La literalidad en tales casos se hacía imposible y era forzoso buscar una equivalencia, a menos que se optara por aumentar la ilegibilidad al dar el párrafo en castellano: “… esa marmórea figura, helada y terrible música con cuernos de la divina forma humana, ese símbolo de profética sabiduría [afirma] que si algo de lo que la imaginación o la mano del escultor ha labrado en mármol espiritualmente transfigurado en espiritual transfiguración merece vivir, merece vivir.”
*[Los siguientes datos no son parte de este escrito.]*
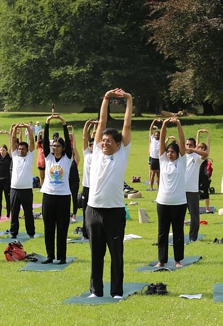 Union Minister Piyush Goyal practicing Yoga with others in Brussels, Belgium.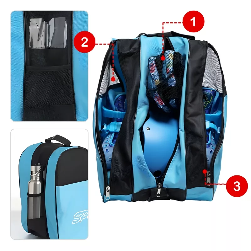Diese Skatetasche hilft meiner Tochter wirklich, ihre Handschuhe und ihren Helm getrennt aufzubewahren. Sie packt sie vor dem Eislauftraining jetzt gerne selbst ein.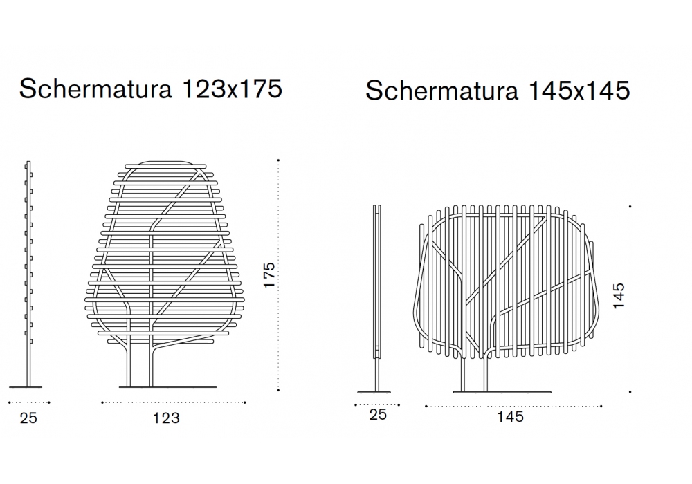 | Dimensioni | 123 x 25 x H 175; 145 x 25 x H 145. |
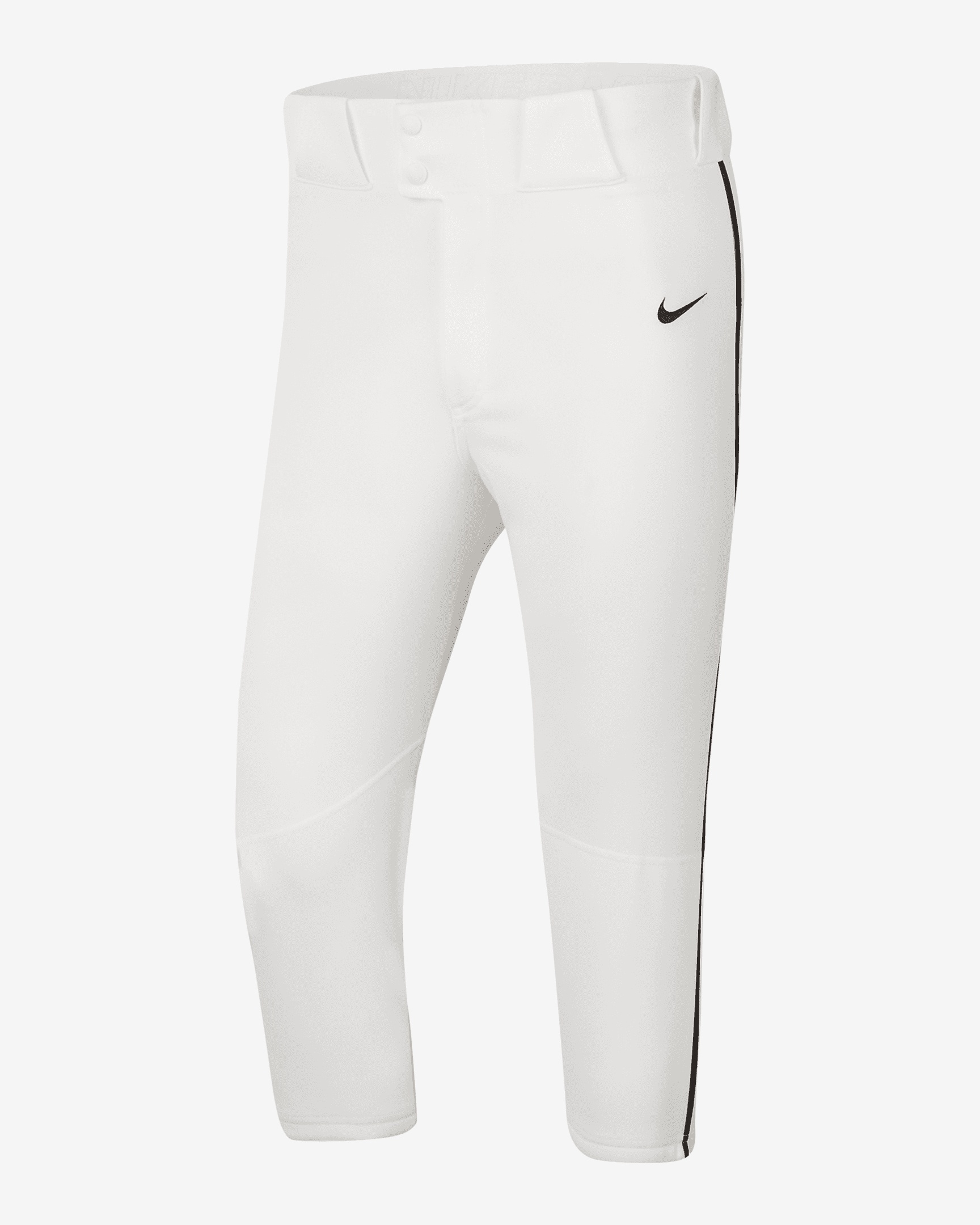 The Nike Vapor Select Pants outfit you for competition with sweat-wicking technology and breathable mesh in all the right places. Grip inside the waist helps keep your uniform in place during all-out play, and a high-cut style offers a classic look. Product Details - Slim fit for a tailored feel - Wide belt loops - Back pockets - Snap closure with zip fly - Embroidered Swoosh design - 100% polyester - Machine wash - Imported - Shown: Team White/Team Black/Team Black - Style: BQ6437-100 SIZE & FIT Sm fit: sleek and tailored

El libro de Joyce constituiría una magnífica oportunidad para reabrir el dilatado e inagotable debate relativo a si las traducciones deben ser literales o interpretativas, debate que razonablemente debe tenerse por carente de sentido. Chateaubriand, al intentar expedirse al respecto, no hace más que eludir el tema: “la traduction littérale me parait toujours la meilleure: une traduction interlineaire serait la perfection du genre, si on lui pouvait ôter ce qu’elle a de sauvage.” Cada idioma posee una jerarquía que le es privativa y que no admite paralelos absolutos, ni tribunales de apelación ni jurisprudencias: tan salvaje resulta, en consecuencia, la traducción literal – si no olvidamos el significado de este término – como la divagación y la fantasía. “Le temps des traductions infidèles est passé”, decía ya en el pasado siglo Leconte de Lisle.

¿Podría hacerse cuestión de literalidad o iliteralidad en un párrafo como éste de Ulises?

“It was revealed to me that those things which if they were supremely good yet are corrupted which neither nor could be corrupted unless they were good. Me fue revelado que son buenas aquellas cosas que a pesar de estar corrompidas no siendo supremamente buenas o por lo menos buenas podían ser corrompidas.”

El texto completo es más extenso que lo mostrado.